We believe you can—and should—use a custom algorithm to give the board a more complete and accurate portrayal of risk. In building this algorithm, we believe you need to follow a specific sequence:

  1. Determine the current cost of the existing security programs.
  2. Estimate the cost after the “boom” (the breach event).
  3. Build the Inherent Risk Curve.
  4. Build the Risk Tolerance Curve.
  5. Overlay those curves.
  6. If inherent risk is less than risk tolerance, do nothing (for now).
  7. If inherent risk is greater than risk tolerance, develop your strategy for reducing risk.
  8. Build the Residual Risk Curve.
  9. Calculate the cost of the new strategy.
  10. If the cost of the residual risk plan is greater than the risk tolerance curve, start over. (If you’re building a solution that costs more than the organization’s risk tolerance, you need to rethink it.)
  11. For each board meeting, repeat.

After 25 years of trying to convey technical risk to senior leaders, it is obvious to us that the network defender community has been doing it all wrong.

There are reams of research that prove the traditional qualitative risk matrices—the infamous heat map—to convey business risk to the board is just bad science.

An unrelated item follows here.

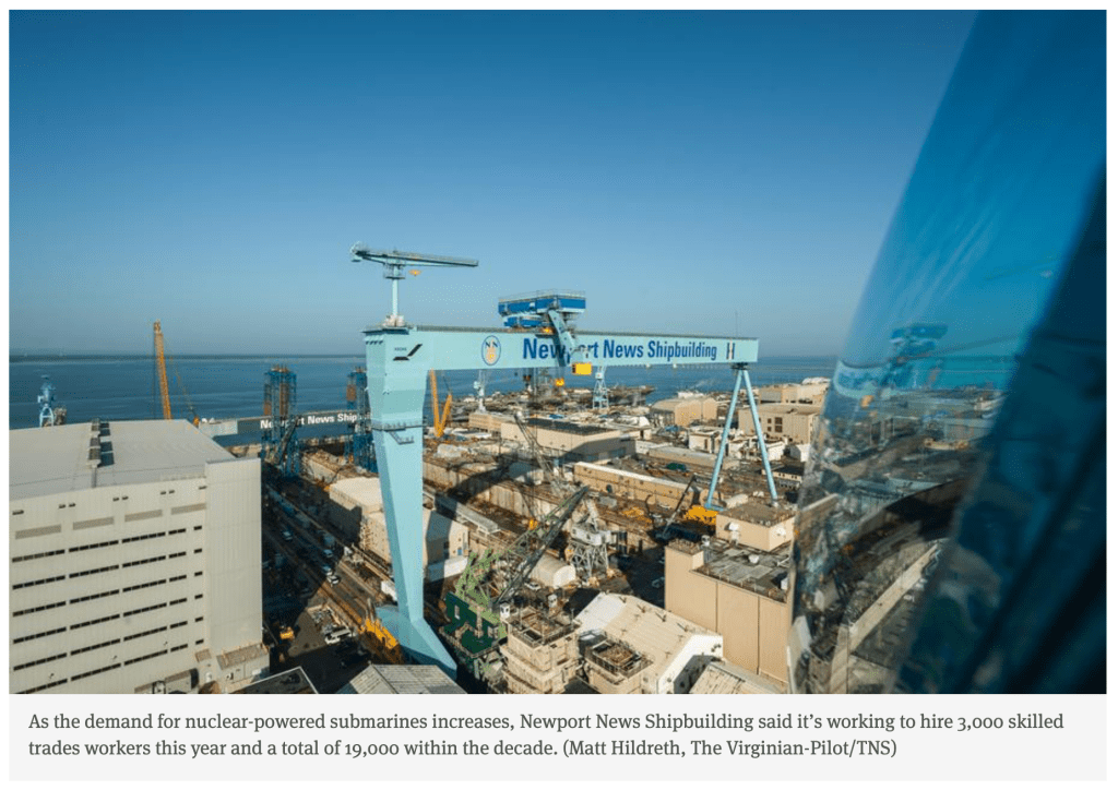 (Tribune News Service) — As the demand for nuclear-powered submarines increases, Newport News, Va., Shipbuilding said it’s working to hire 3,000 skilled trades workers this year and a total of 19,000 within the decade.

It is time for network defenders—supported, backed and promoted by business leadership—to turn to better, more scientific methods that have proven to work in other areas. Where problems seem intractable and a large set of established outcomes does not yet exist, new methods are needed, and we have detailed some of them.

Specifically, statistical sampling and Monte Carlo simulations can—and must—replace heat maps with a more representative, statistically based set of latency curves that easily illustrate the inherent risk to the organization, compared to the board’s risk appetite.

Editor’s note: This article was adapted from a technical paper presented by the authors at the 2019 RSA Conference.

Rick Howard is chief security officer at Palo Alto Networks; David Caswell is head of the computer and cyber sciences department at the U.S. Air Force Academy; and Richard Seiersen is co-author of “How to Measure Anything in Cybersecurity Risk.”

End Points

  • As a best practice, it’s time to jettison the idea of a heat map as the main tool to demonstrate and illustrate risk to senior leadership.
  • Risk officers should use “loss exceedance curves” to frame risk decisions to senior leaders in an easily consumable manner.
  • Building a customized algorithm can help business leaders create a more accurate depiction of risk compared with the board’s risk appetite.